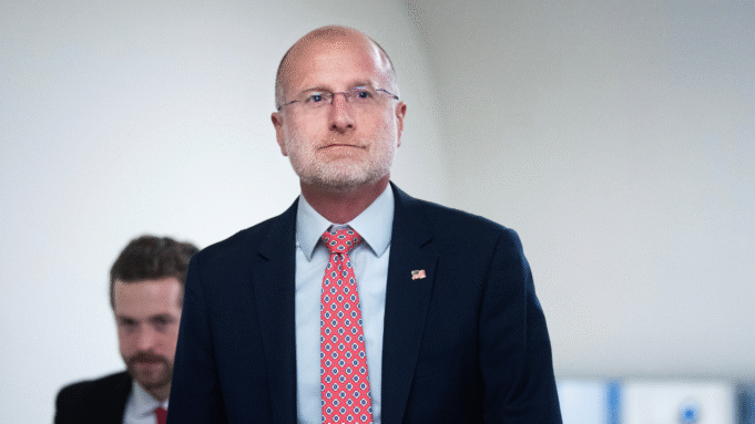 O presidente da FCC, Brendan Carr, reuniu-se com os procuradores-gerais de Nebraska, Tennessee, Texas e Virgínia Ocidental para discutir a nova parceria. (John McDonnell/Getty Images)
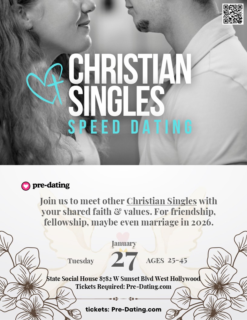 HomeEventsChristian Singles Speed Dating This Event has Passed Christian Singles Speed Dating Tuesday, January 27, 2026 7:30 PM - 9:30 PM 7:30 PM - 9:30 PM See all dates and Times State Social House Parking Deals Get a Ride LYFT UBER Add to Calendar 01/27/2026 07:30 PM 01/27/2026 09:30 PM America/Boise Christian Singles Speed Dating Details & Tickets: https://www.upcomingevents.com/los-angeles/events/state-social-house/christian-singles-speed-dating-588400?ref=uceaddevent State Social House, 8782 Sunset Blvd, West Hollywood, CA, 90069 Set Reminder Event Tag African American, For Pet Lovers, Good For Singles, Jewish, Special Event, Speed Dating Categories Nightlife, Religion & Spirituality, Singles View Event Website »
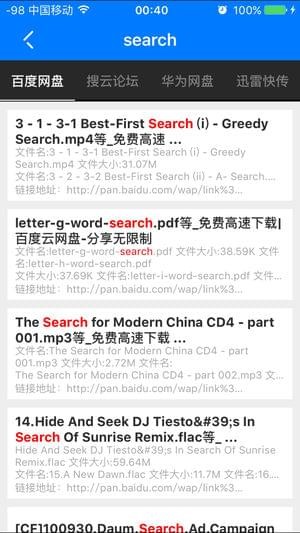 app是一款基于WEB云搜索技术的移动搜索应用,app通过关键词搜索,用户可以搜索到百度云盘等共享型云资源,利用app可极大的提高并完善了的用户的搜索效率和移动端体验。
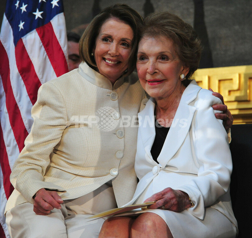 故レーガン元米大統領の像が完成、除幕式にはナンシー夫人も出席

» Exercise goal:
All of the listing is to be written out exactly, with the pictures left out.

» Result:
 O presidente da FCC, Brendan Carr, reuniu-se com os procuradores-gerais de Nebraska, Tennessee, Texas e Virgínia Ocidental para discutir a nova parceria. (John McDonnell/Getty Images)
 HomeEventsChristian Singles Speed Dating This Event has Passed Christian Singles Speed Dating Tuesday, January 27, 2026 7:30 PM - 9:30 PM 7:30 PM - 9:30 PM See all dates and Times State Social House Parking Deals Get a Ride LYFT UBER Add to Calendar 01/27/2026 07:30 PM 01/27/2026 09:30 PM America/Boise Christian Singles Speed Dating Details & Tickets: https://www.upcomingevents.com/los-angeles/events/state-social-house/christian-singles-speed-dating-588400?ref=uceaddevent State Social House, 8782 Sunset Blvd, West Hollywood, CA, 90069 Set Reminder Event Tag African American, For Pet Lovers, Good For Singles, Jewish, Special Event, Speed Dating Categories Nightlife, Religion & Spirituality, Singles View Event Website »
 app是一款基于WEB云搜索技术的移动搜索应用,app通过关键词搜索,用户可以搜索到百度云盘等共享型云资源,利用app可极大的提高并完善了的用户的搜索效率和移动端体验。
 故レーガン元米大統領の像が完成、除幕式にはナンシー夫人も出席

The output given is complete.